Evaluate entry strategies for graph-based and bi-directional feedback fusion. BMW and Qualcomm are staking early IP positions in graph neural fusion and closed-loop feedback architectures respectively. Competitors not yet active in either area should evaluate entry strategies before these positions solidify. According to EPO data, early mover advantage in automotive AI patents is particularly durable given the multi-year prosecution timelines and the breadth of claims that tend to issue in early-filed applications.
Monitor Chinese domestic filings for freedom-to-operate exposure. Chinese assignees are filing at scale for domestic ADAS and autonomous driving applications, with a focus on algorithmic efficiency and computational resource optimisation. Foreign OEMs and tier-1 suppliers operating in the Chinese market should monitor CN filings from Haomo, Chery, Dongfeng, Chongqing Changan, and Mushroom IoT for claims that could affect product launch timelines in that jurisdiction.

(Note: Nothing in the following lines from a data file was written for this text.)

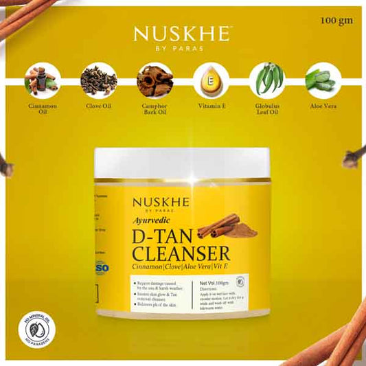 Nuskhe by Paras Ayurvedic D-Tan Cleanser for Tan Removal, Sun Damage Protection and Skin Whitening - 100 Gram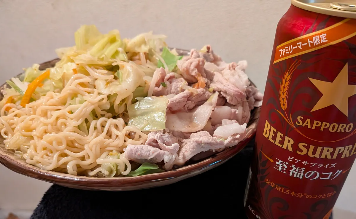 豚肉しゃぶしゃぶ用(200g)とカット野菜(キャベツともやし)2袋分、袋麺は3袋分!🤣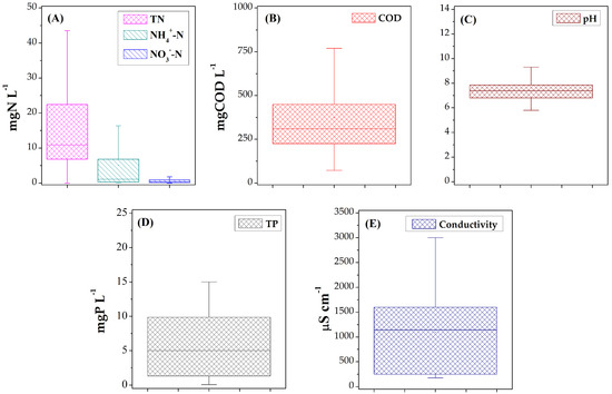 Chemical and physical parameters in greywater reported in the literature. Error bars represent the 25th and 75th percentiles. (A) Total nitrogen (TN), ammonia and nitrate nitrogen concentration; (B) Chemical oxygen demand (COD); (C) pH; (D) total phosphorus (TP); (E) conductivity. The list of the works consulted for the preparation of the figure is available in the Supplementary Materials.

Invest in fusion accuracy evaluation and validation IP. Only one retrieved patent explicitly addresses systematic fusion performance measurement methodology. Given increasing regulatory scrutiny of ADAS globally—including the EU’s General Safety Regulation requirements for ADAS validation—standardised fusion accuracy verification methods will likely become commercially and regulatorily critical. This white space is open for first-mover filing.